One-Minute Word Reading
This task was used to measure reading fluency. The children were asked to read as many Chinese two-character words as they could, from a list of 100 words, in 1 min. The number of correct words read was recorded for each student.
Word Order Skills
This task was used to measure the children’s knowledge of some basic Chinese sentence structure rules (e.g., subject–verb–object, subject–verb–verb, and special sentence types, such as using “ba”
, etc.). There was a total of 53 items and the children were asked to arrange three to seven sentence fragments, visually presented on a computer screen, into a syntactically correct sentence. The mean length of the sentences was 13 Chinese characters. One point was given for each correctly ordered sentence.
Discourse Skills
This task was intended to measure the children’s skills in drawing inferences between sentences that together form a coherent and meaningful discourse. In each of the nine items, the children were asked to arrange three to five sentences into a coherent and meaningful discourse, which was either a narration of events or an elaboration of procedures or facts. Two practice items were given to the participants before the formal testing. One point, two points, and three points were given for correctly ordered three-, four-, and five-sentence items, respectively. The maximum score for this task was 17 points.
Example :
1.
Then, pick up [the] glass [of water].
2.
Finally, cover [it] with a lid.
3.
First, pour water into [a] glass.
Answer: (3) (1) (2)
Results
Table 2 shows that all of the partial correlation coefficients among the various measures in the present study, after controlling for age and IQ, were statistically significant (all \(\hbox {rs} > .30\), all \(\hbox {ps} < .05\)). This result showed that the various cognitive-linguistic skills and reading comprehension were highly associated. Two sets of regression analyses were conducted separately to identify the significant predictors of reading comprehension on microstructure and macrostructure respectively. In each set of analysis, age and IQ were entered into the equation first as control variables. The three word-level cognitive-linguistic skills were then entered in step two, followed by the two text-level skills in the final step.

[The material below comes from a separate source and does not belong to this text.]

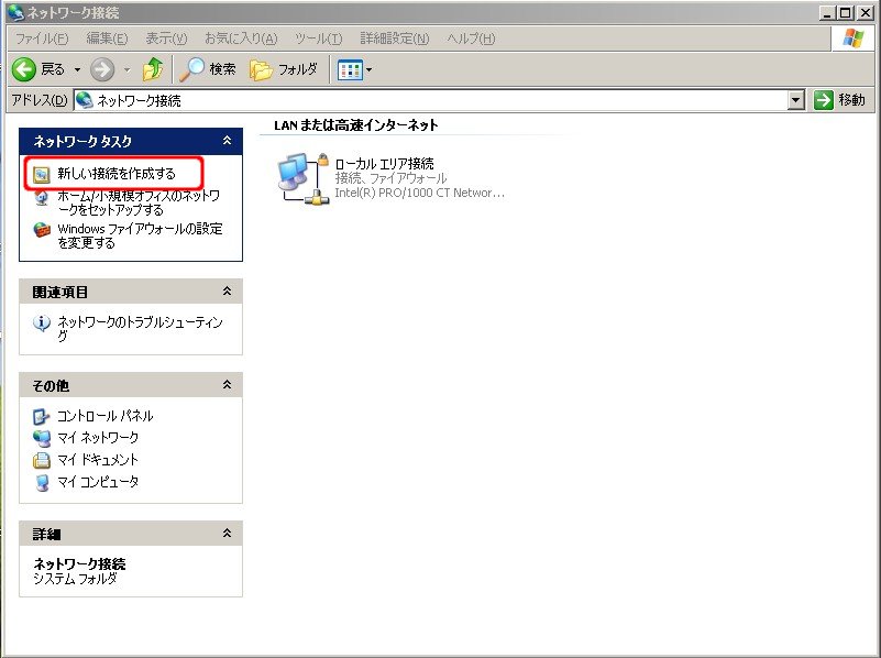 左側のメニューからネットワークタスク>新しい接続を作成するをクリック。

Table 3 summarizes the results of these regression analyses. Age and IQ accounted for 14.8 % of variance of the microstructure understanding in Chinese reading comprehension. The cognitive-linguistic predictors explained an additional 51.3 % [F(6, 72) \(=\) 23.36, \(p<0.001\)]. Among the five predictors, one-min word reading (\(\upbeta >0.19\), all \(p<0.05\)) and word order skills \((\upbeta >0.19, p<0.05)\) had significant unique contributions to microstructure understanding in reading Chinese passages. Similarly, age and IQ accounted for 14.9 % of variance of the macrostructure understanding in Chinese reading comprehension. The cognitive-linguistic predictors explained an additional 49.3 % of the variance [F(7, 71) \(=\) 18.22, \(p<0.001\)]. Among these predictors, homophone awareness, word order skills, and discourse skills (all \(\upbeta s>0.21\), all \(ps<0.05\)) had significant unique contributions to macrostructure understanding in reading Chinese passages.
Discussion
Contributions of Reading Fluency and Syntactic Skills to Understanding of Microstructure
To reiterate, the aim of the present study was to investigate the roles of different cognitive-linguistic skills for understanding the microstructure and macrostructure of Chinese passages. The present findings from the regression analyses showed that word reading fluency and syntactic skills were significant predictors of microstructural understanding when age, IQ, and other cognitive-linguistic skills were controlled. To recap, microstructural understanding refers to a general understanding of the information that is explicitly expressed in a passage. The one-min word reading task measured how well a child recognized words accurately and quickly within a time limit. Word retrieval fluency suggests rapid access to word meaning and this ability undoubtedly facilitates a basic level of text understanding. Apart from word meaning, how words are arranged syntactically and meaningfully in sentences is also essential for basic level of text understanding. Syntactic skills, as measured by word order, appear to be a strong predictor of the literal level of text understanding in Chinese. This finding is consistent with past literature about the significant role of syntactic skills on Chinese reading comprehension (e.g., Chik et al. 2012a; Yeung et al. 2013). At the word level, awareness of grammatical rules and structures helps a reader to predict the meaning of some unfamiliar words in a text context. This would enhance the mastery of basic information in text reading.
To our surprise, orthographic skills and morphological awareness did not predict understanding of microstructure. Since these two cognitive-linguistic skills have been found to be important for word reading, it is possible that the one-min word reading task has taken up some of the shared variance. This suggestion is supported by the significant correlation among these three measures.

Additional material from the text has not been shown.